Jugendliche wollen von der Politik gehört werden – aber nicht jede*r hat eine laute Stimme. Zwei junge Menschen erzählen von ihrem politischen Engagement – beide sind ganz unterschiedlich aufgewachsen. Eine Auseinandersetzung damit, warum politische Partizipation oft auch eine Frage des Geldes ist.
In einem Poloshirt von Lacoste schaltet sich Phillip Venmann in das Video-Interview.

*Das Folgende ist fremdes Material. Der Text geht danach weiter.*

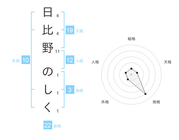 日比野 のしくさんを姓名の画数から五運を鑑定
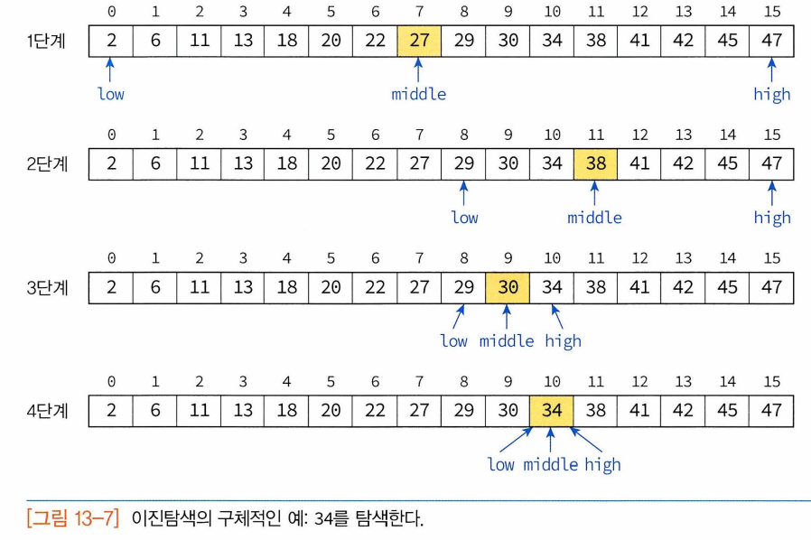 - 탐색의 대상이 되는 배열 : list[]. 탐색의 범위: low~high까지 함수의 매개변수 - 탐색에 성공하면 그 항목이 발견된 위치 반환, 그렇지 않으면 -1반환.
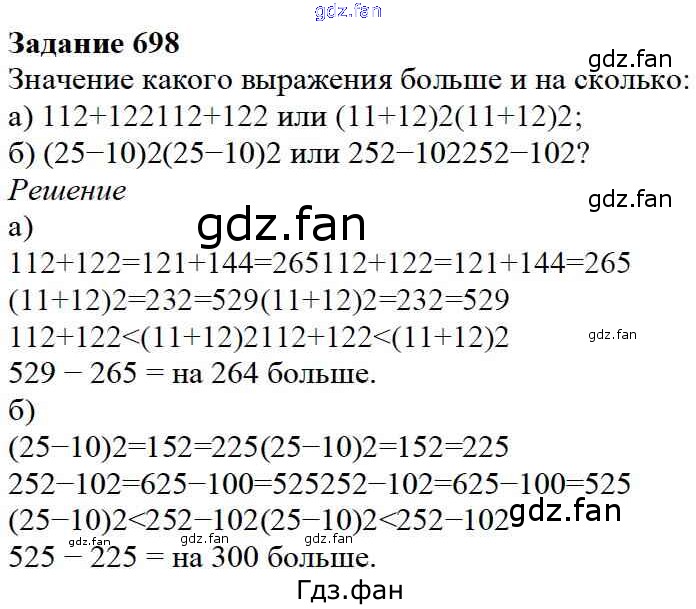 Проверка домашнего задания всегда занимает большое количество времени. На помощь приходит ГДЗ фан по Математике пятого класса. Здесь собраны популярные ответы на 698 (стр. 179) Математика 5 класс Дорофеев Г.В.

Phillip hat sich schon früh politisch engagiert, bis vor Kurzem war er Mitglied des Pullacher Jugendparlaments in München. „Bei uns wurde, als ich Kind war, religiös ‚Logo‘ und die ‚Tagesschau‘ geguckt“, erzählt er. Die Politik sei einfach auf ihn zugekommen. Bei Luc Ouali war das anders. Seine Mutter ist alleinerziehend und 2001 nach Deutschland gekommen. Luc ist unter der Armutsgrenze aufgewachsen und heute Sprecher von „Fridays for Future“ (FFF) in München. Er sagt, Privilegien fingen viel früher an, als man denke. „Haben deine Eltern am Frühstückstisch die SZ gelesen? Haben sie mit dir politische Gespräche geführt? Dieses Privileg genießen oft weiße, akademisierte Kinder.“ Phillips Eltern lesen die „Süddeutsche Zeitung“. Sie haben ihm auch von klein auf beigebracht, Dinge zu hinterfragen und am Esstisch keine Scheu vor politischen Diskussionen zu zeigen.

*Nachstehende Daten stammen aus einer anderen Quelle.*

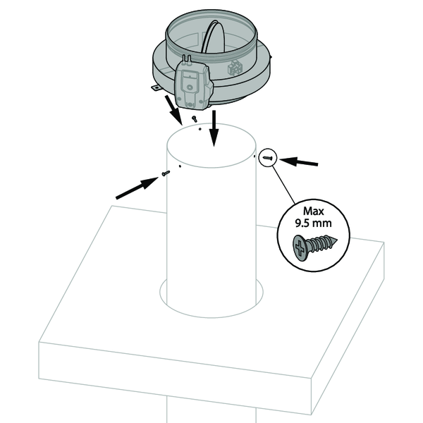 - It is not required to fix the duct to the fire damper with screws, but it is allowed. The screws may be inserted through the rubber sealing ring. Maximum screw length 9.5mm.

Luc ist in einer „kleinen, aber süßen“ Dreizimmerwohnung im Münchner Westend aufgewachsen, Phillip in einer großen Doppelhaushälfte im bürgerlichen Pullach. Knapp neun Kilometer liegen dazwischen und ungefähr in der Mitte entscheiden Politiker*innen über die Zukunft der Menschen – auch über die Zukunft der jungen Menschen. Doch Minderjährige können politische Entscheidungen kaum beeinflussen. Und wenn, dann sind es meistens bestimmte Jugendliche, die sich politisch engagieren – das zeigt eine Statistik des Deutschen Jugendinstituts. Menschen aus einkommensschwachen Haushalten engagieren sich weniger politisch als Personen mit höherem Einkommen.
Experte: Jugendliche aus prekären Verhältnissen finden sich nicht in der Politik wieder
Das sei ein ganz klassisches Problem, sagt Prof. Dr. Wolf-Dietrich Bukow, Erziehungs- und Kultursoziologe an der Universität zu Köln. „Die Menschen, die in finanziell schwierigen Situationen leben, können sich mit der Gesellschaft viel weniger identifizieren. Weil das, was in der Öffentlichkeit und in der Politik geschieht, in der Regel ihre Interessen kaum berücksichtigt.“ Besonders die Parteiprogramme der Volksparteien seien auf eine bürgerliche Wählerschaft ausgerichtet. Denn Jugendliche aus prekären Verhältnissen fänden sich von Anfang an nicht in den Themen der Politik wieder. Deshalb sei auch die Motivation geringer, sich zu beteiligen.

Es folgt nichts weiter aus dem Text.